I was able to get the AC system evacuated and charged, 2lbs of synthetic R134a and in theory it'll cool like a champ! (as soon as I get the engine running)

As for the cooling system, it was a huge win and a crushing defeat all at the same time....

Picking up from my last attempt, here's what I came up with as I couldn't find that pin:

IMG_5787.jpeg


Here's the "installed" pic:

IMG_5789.jpeg


Then the SC Intercooler pump all bolted up and connected:

IMG_5790.jpeg


Then finally, all the hoses are connected and good to go!


IMG_5791.jpeg


Thankfully, my dad's old air compressor had enough "oomph" to vacuum down the system, and it sat holding a vacuum for almost 8 hours....no leaks!


IMG_5792.jpeg


So, here's where everything went awry....

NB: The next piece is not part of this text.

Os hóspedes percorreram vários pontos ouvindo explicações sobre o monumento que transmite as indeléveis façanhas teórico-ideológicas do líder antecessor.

I TOTALLY thought I had already bought coolant for it....buuuuuut, I totally didn't have it, or couldn't find it. Soooooo, after vacuuming everything down, I had to remove the tool and order coolant for it. I'm planning on running Xerex G30 as that's what I've been running and it seems to do pretty good. Over to you as to what you want to run, I know everyone has their own opinion, and in truth, they probably all work the same, this is just the brand I've landed on. Unfortunately, while I originally started using it because it was cost effective, and easily obtainable at my local parts store, it appears as though most places aren't carrying it anymore, so I had to order it from Amazon and it didn't arrive until after I had left.

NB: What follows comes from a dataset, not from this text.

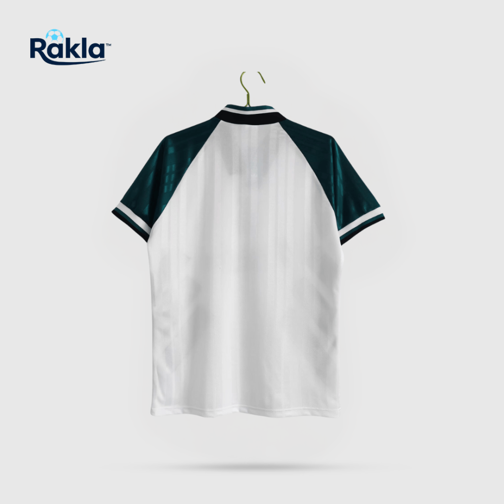 - التصميم: يتميز بتصميم كلاسيكي نظيف باللون الأبيض مع أكمام وياقة باللون الأخضر الداكن الأنيق وخطوط سوداء جريئة بشكل مائل على الجانبين.

After the realization...and 3 trips to different parts stores came up empty, I gave up and focused on extracting the pump connector from a used RRS SC engine bay wiring harness I have. Thankfully, the connector wiring is pretty simple. The ground runs right to a ground point in the driver's wheel well. The power supply runs right to the CJB and is a missing relay in the LR4 CJB. The "trigger" wires for the relay run directly to the PCM which is nice. Thankfully, power was already there in the CJB, so, no need to try and run a new supply wire. Next time I'm home, I'll splice the wires into my existing CJB and PCM connector. (I'll show some pictures in my next post.).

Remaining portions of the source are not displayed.